Mención aparte merece la elección del alcalde más joven de la historia de Nueva York. Pocas figuras en la política reciente han sido tan histéricamente vilipendiadas y su ascendencia tan denunciada por las oligarquías, que lo ven como un peligro estructural no solo para la ciudad, sino para el país. Mamdani, musulmán y socialista, es sin lugar a dudas un político carismático, cuyo éxito se debe a su autenticidad y su conexión con las preocupaciones de los neoyorkinos, quienes enfrentan una crisis de asequibilidad sin precedentes. Su ascendencia es resultado del fallo de los políticos tradicionales a la hora de ofrecer soluciones a tales crisis, por quijotescas o improbables que sean. En ese sentido, pueden trazarse paralelos populistas con el mismo Trump, como astutamente ha señalado el mismo Steve Bannon. Lo más probable es que Mamdani tenga una alcaldía turbulenta, marcada por más derrotas que victorias en su intento de reformar la ciudad. Muchas de sus reformas no son ideas nuevas y han sido probadas con mayor o menor éxito, pero dependen de su capital político en la legislatura estatal. Como presunto símbolo ideológico de los demócratas, Mamdani será un blanco fácil para los republicanos, al estilo de Sanders u Ocasio Cortez.

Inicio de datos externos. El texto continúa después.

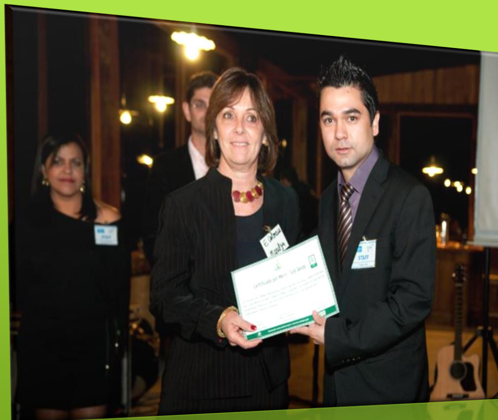
Expo Negócios São Paulo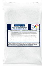
Sulfato de Alumínio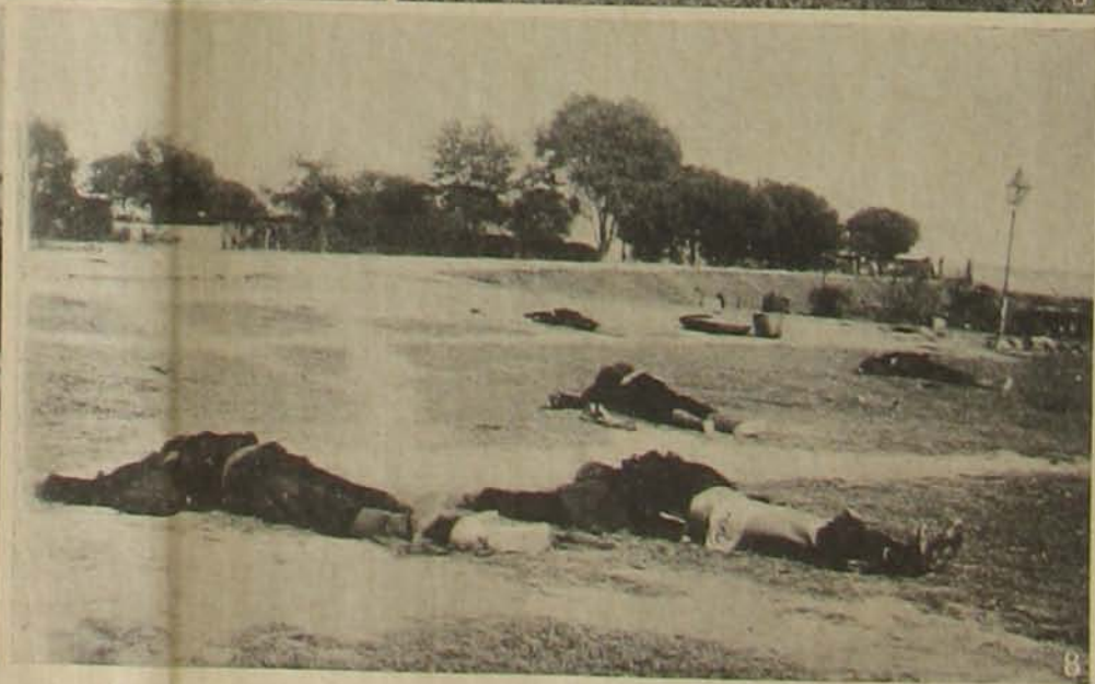
5. Katonai őrállomás. — 6. Gépfegyveresapat. — 7. Egy lázadó büntetése. — A forradalom áldozatai. A kínai forradalom színhelyéről.

Sin embargo, Mamdani no cuenta con un futuro político previsible a nivel nacional. La alcaldía de Nueva York no ha demostrado ser un trampolín para aspiraciones más altas, como lo han demostrado en el pasado los casos de Giuliani, Bloomberg o de Blasio.
Cada elección, sobre todo con resultados tan desequilibrados, conlleva análisis y correcciones por parte de ambos partidos políticos. Los eufóricos demócratas, apoyados por las estadísticas, creen haber encontrado el camino de vuelta a la relevancia política en la moderación, el foco en temas económicos, el entusiasmo de los votantes y, sobre todo, en la oposición a Trump. La mayor lección de 2025, en contraste con 2024, reside en que los votantes han experimentado a un presidente aún más desbocado que en su primer mandato, y han empezado a rechazarlo. Por su parte, los republicanos han buscado consuelo en el hecho de que fueron elecciones locales, de que sus candidatos no eran lo suficientemente trumpistas, o de que necesitan reenfocarse en los temas económicos. A su vez, el presidente Trump ha tratado de alejarse de la derrota, culpando al cierre del gobierno y al hecho de que él no figuraba en las boletas como candidato. Pero, históricamente, tanto las elecciones locales como las de medio término han sido un barómetro para evaluar la actuación del presidente recién elegido y, con él, la de su partido. El péndulo político ha empezado a moverse a favor de los demócratas. Queda por ver si los republicanos son capaces de extraer de Trump las necesarias correcciones para no sufrir una derrota aún peor en 2026, o si naufragan en el barco con su capitán.

La derrota electoral en estas elecciones locales para los republicanos no ha sido devastadora, pero sí es una especie de referendo sobre la presidencia de Trump: desde 2016 la gente no vota Republicano, la gente vota Trump.
Sin Trump, el Partido Republicano no podría ni fingir que existe.